9. Enfin si les requérants font valoir que cette décision serait contraire aux stipulations de l’article 8 de la Convention européenne de sauvegarde des droits de l’Homme et des libertés fondamentales ainsi qu’à celles de l’article 3-1 de la convention internationale sur les droits de l’enfant, et font état notamment de l’attachement de M. E… pour l’enfant et des problèmes de santé de celle-ci, sans d’ailleurs établir ni même alléguer qu’ils nécessiteraient d’être pris en charge en France, la décision attaquée ne s’oppose pas, en tout état de cause, à ce que cette enfant puisse bénéficier d’un visa pour venir en France. Enfin, ainsi qu’il a été dit précédemment, la décision en litige, fondée sur les dispositions du code civil, ne met pas en œuvre les dispositions du droit comorien, et par suite les requérants ne peuvent utilement soutenir que « en outre l’application de la loi comorienne porte atteinte aux stipulations de l’article 3-1 » de la convention internationale relative aux droits de l’enfant.
10. Il résulte de tout ce qui précède que les requérants ne sont pas fondé à soutenir que c’est à tort que, par le jugement attaqué, le tribunal administratif de Paris a rejeté leur demande.
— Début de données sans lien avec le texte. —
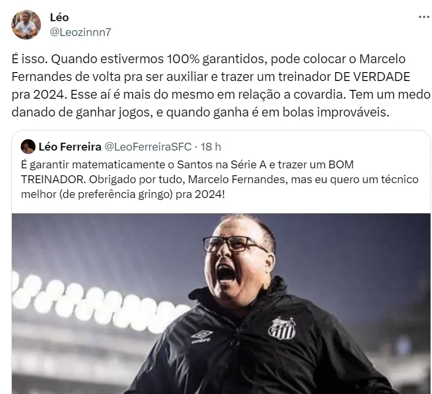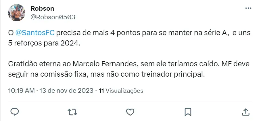 Na web, a torcida do Peixe acredita que Marcelo Fernandes deve voltar ao cargo de auxiliar fixo na próxima temporada. Na opinião dos santistas, o time da Vila Belmiro necessita de um treinador melhor.
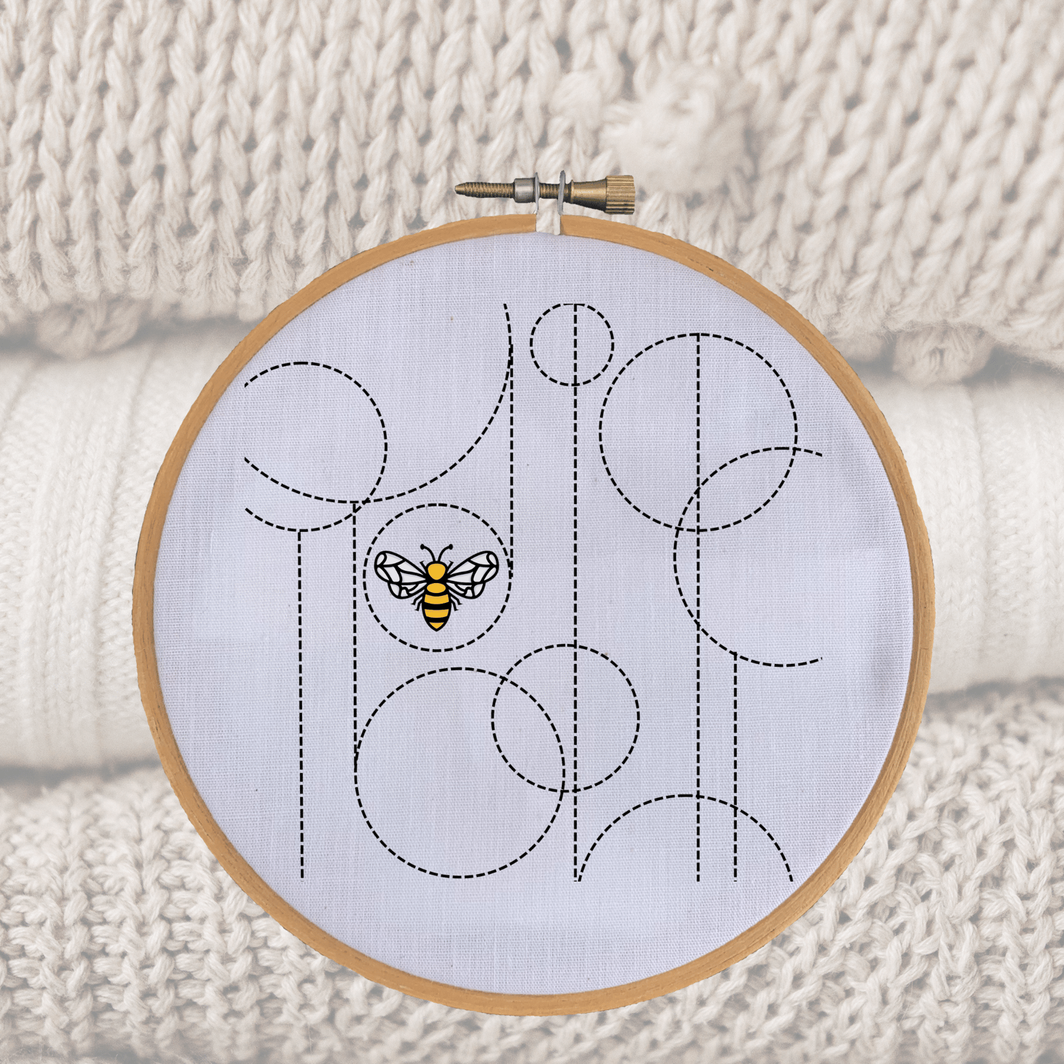 Create buzzworthy stitching sensations with this sashiko bumblebee embroidery pattern pack featuring a bee motif in a modern form of Sashiko.

Par voie de conséquence, leurs conclusions à fin d’injonction, y compris par voie de conséquence celles tendant à l’effacement de l’inscription de M. E… du fichier des personnes recherchées, ainsi que celles présentées sur le fondement de l’article L. 761-1 du code de justice administrative, dès lors que l’État n’est pas la partie perdante dans la présente instance, ne peuvent qu’être également rejetées.
DÉCIDE :
Article 1er : La requête de M. E… et de Mme B… est rejetée.
Article 2 : Le présent arrêt sera notifié à M. D… E…, à Mme C… B… et au ministre de l’Europe et des affaires étrangères.
Délibéré après l’audience du 5 février 2026, à laquelle siégeaient :
- M. Stéphane Diémert, président de la formation de jugement en application des articles L. 2343 (1er alinéa) et R. 222-6 (1er alinéa) du code de justice administrative,
- Mme Marie-Isabelle Labetoulle, première conseillère,
- Mme Hélène Brémeau-Manesme première conseillère.
Rendu public par mise à disposition au greffe le 12 mars 2026.
La rapporteure,
M-I. LABETOULLE
Le président,
S. DIÉMERT
La greffière,
C. POVSE
La République mande et ordonne au ministre de l’Europe et des affaires en ce qui le concerne ou à tous commissaires de justice à ce requis en ce qui concerne les voies de droit commun contre les parties privées, de pourvoir à l’exécution de la présente décision.